The skin trade by mattsteinglass
January 19, 2009, 10:42 pm
Filed under: Uncategorized

Abbas Raza, having just come back from a panel on the sex industry that included her idol, Gloria Steinem, asks:

Are all prostitutes coerced?

The answer is: no. I’ve never gone with a sex worker, but I have interviewed a couple of dozen in the course of researching articles on HIV, and most of those I’ve interviewed had entered the business voluntarily, out of economic necessity or a desire for greater earnings, and were not in coercive working arrangements at the time I interviewed them. My sample is skewed because I met many interviewees through sex workers’ empowerment organizations; I would imagine that many or most sex workers are involved in coercive relationships with pimps or madams. But even among sex workers I met by going into pickup bars or brothels and talking to them at random, most were in voluntary, non-coercive arrangements. I’ve been to one brothel, in Phnom Penh, where girls were clearly working under pressure; that was a horrible, sick place, and while I didn’t see anything violent, it fit the profile of the kinds of atrocious situations one hears about. I’m sure there are many, many, many such places all across Southeast Asia and the world.

But, the next night, I went into a pickup joint called “Martini Bar” and spent at least an hour speaking, in my lousy Vietnamese, with a 23-year-old Vietnamese woman named Huong who had come to Phnom Penh less than a year earlier, from her desperately poor village in Vietnam’s An Giang province, in order to work as a sex worker. In An Giang she hadn’t been tricking, she’d been working in rice fields and picking up seasonal jobs, and she’d been so poor you could see the legacy of childhood malnourishment in her face. For her, going to Phnom Penh was a decision she’d taken, a choice to make money the only realistic way she could. You can charge $20 a trick in Phnom Penh, she explained, where in An Giang you could only charge a dollar.

I talked to Huong at the bar, and after a minute a Vietnamese friend of hers came over, and the three of us sat down at a table while I bought them some dinner. It was a good, genuine conversation, the kind of interview that makes journalism feel rewarding, when someone who hasn’t had a chance to tell her story gets that chance, and starts laying it out excitedly. Huong had crossed over the Mekong, she told me, with a few dollars’ worth of Vietnamese dong in her pocket. She had to bribe the border guards to let her in, and hitch and walk her way up to Phnom Penh. She arrived in the city penniless, with nothing attractive to wear, she said. She knew nobody. And now here she was, a year later, with her own apartment, nice clothes, savings, money to send home to her parents every month. In her own eyes, she had taken an entrepreneurial gamble, and she’d made it work.

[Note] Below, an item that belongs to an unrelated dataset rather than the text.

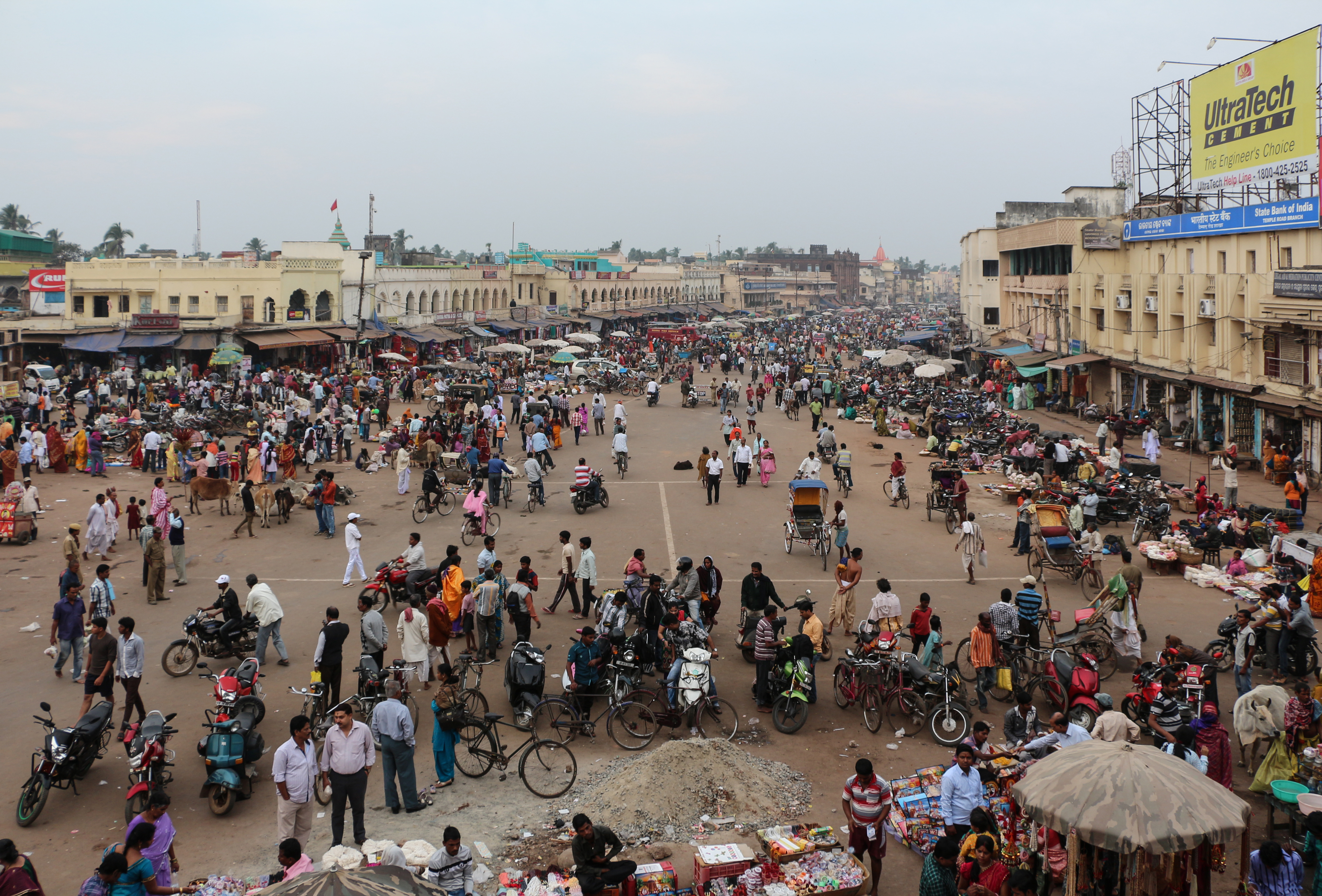 Grand Road, Puri, India

I am not comfortable writing about this. It’s a minefield. When I give credence to Huong’s own sense of pride in her achievements, it may look to the reader as though I am projecting onto her a sick male fantasy of the happy hooker. But I am confident that that’s not what happened in that conversation. I think Huong was genuinely proud, and I think that, at a minimum, I lack the expertise or standing to say that she shouldn’t be proud of it, or to hold out some other vision of how she might realistically have achieved something more worthy or less morally ambiguous. No, I don’t think Huong is representative of most sex workers; but I would be cautious about assuming anything about how “most” sex workers feel about themselves. And I don’t think it’s okay that the world is arranged in such a manner that Huong lacks any other realistic option for making a decent living. But here is what I would say: given that Huong does lack any other option, it would not do anybody any good to take that one option away from her by enforcing the laws against prostitution more stringently. And it might do Huong some good to let her practice that trade without legal harassment, since the kind of coercion she is most likely to experience would come from the police.

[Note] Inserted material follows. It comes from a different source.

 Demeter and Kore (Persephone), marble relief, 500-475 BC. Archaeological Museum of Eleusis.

That said: what’s true in Cambodia is emphatically not true in the United States. The US has an economy in which girls and women have many realistic options for economic independence besides prostitution. The US has reliable, independent and non-corrupt legal systems and police forces. The US has a culture with, by world standards, highly egalitarian attitudes towards gender and towards individual rights. There are a certain number of women in the US who go into the various branches of the sex industry clear-eyed and freely, and they should be treated as adults. But there is no reason to let poor, poorly educated girls in the US be pressured into entering the sex industry — to let them get sucked into, in the immortal words of Tyra Collette on Friday Night Lights, “The Temple of Women with Low Self-Esteem”. We are a rich country with strong institutions, and we don’t need to treat our kids as if we were Cambodia.